Hello all. Wondering how do I get the ball bearing off the spool? I tried to tap the pin but it looks like it's on there pretty solid. I don't want to have to dip the whole spool in acetone. Thanks


----------



## MattK (Feb 9, 2006)

We use these here in the shop.
https://squareup.com/market/matthews-reel-repair/boca-bearings-spool-pin-pliers


----------



## CoralSeas (May 2, 2012)

Yea, no two ways around it that pin has to come out. You can also take an appropriate size punch and tap it out. Easy does it with good support of the shaft so you don't bend it.


----------



## redbuffalo (Jul 9, 2013)

Thanks. I was able to use a small size robo grips pliers, using one end on the pin and the other on the thick part of the spool shaft to slowly push it out then use a punch out tool to drive the rest of it out. Thanks for the replies.


----------



## crabtrap (Apr 24, 2005)

I clean that bearing in situ using brake cleaner and compressed air. Done in 1 minute or less.


----------



## Drundel (Feb 6, 2006)

If you are going to be doing it a few times, get some pliers or any of the other tools out there made for that.


----------



## tc hardhead (Jun 19, 2006)

Unless it's really bad just lube in place.


----------



## Basswhippa (Oct 15, 2012)

This seems to work for me. I take an old 35 milimeter film canister. I fill it up with lighter fluid. I turn the spool sideways and set the spool on top of it and let it soak for a few minutes. I shake it around some, pushing the spool down flush so it doesn't come out. I would love to hear what the experts think of my method. I never even remove that bearing.


----------



## redbuffalo (Jul 9, 2013)

Basswhippa said:


> This seems to work for me. I take an old 35 milimeter film canister. I fill it up with lighter fluid. I turn the spool sideways and set the spool on top of it and let it soak for a few minutes. I shake it around some, pushing the spool down flush so it doesn't come out. I would love to hear what the experts think of my method. I never even remove that bearing.


I might try that because I know one of these days, I'm going to bend that pin trying to get it out. lol. Thanks for the tip.


----------



## cfulbright (Jun 24, 2009)

Its not the pin you have to worry about bending... its the spool shaft! I bent one on a Gen1 Revo a while ago, not a good day.


----------



## redbuffalo (Jul 9, 2013)

cfulbright said:


> Its not the pin you have to worry about bending... its the spool shaft! I bent one on a Gen1 Revo a while ago, not a good day.

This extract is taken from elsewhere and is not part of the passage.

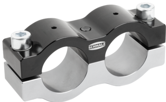
SXT-CL P 40 40 AL

Well, I found this at the dollar store. Fits the spool perfectly. So I just pour some fluid in the bottom and dip my spool. I'll probably do several spools/bearings at a time. Don't want to waste all the fluid for just one bearing.


----------



## katjim00 (Jan 8, 2009)

I took a regular pair of slip joint pliers, ground the area smooth with a dremel and stone for the spool shaft to sit, and then drilled a hole in the pliers to allow the pin to travel through with no restrictions. U can make your own tool for next to nothing if you have a dremel, and most people do or know a neighbor that does.


----------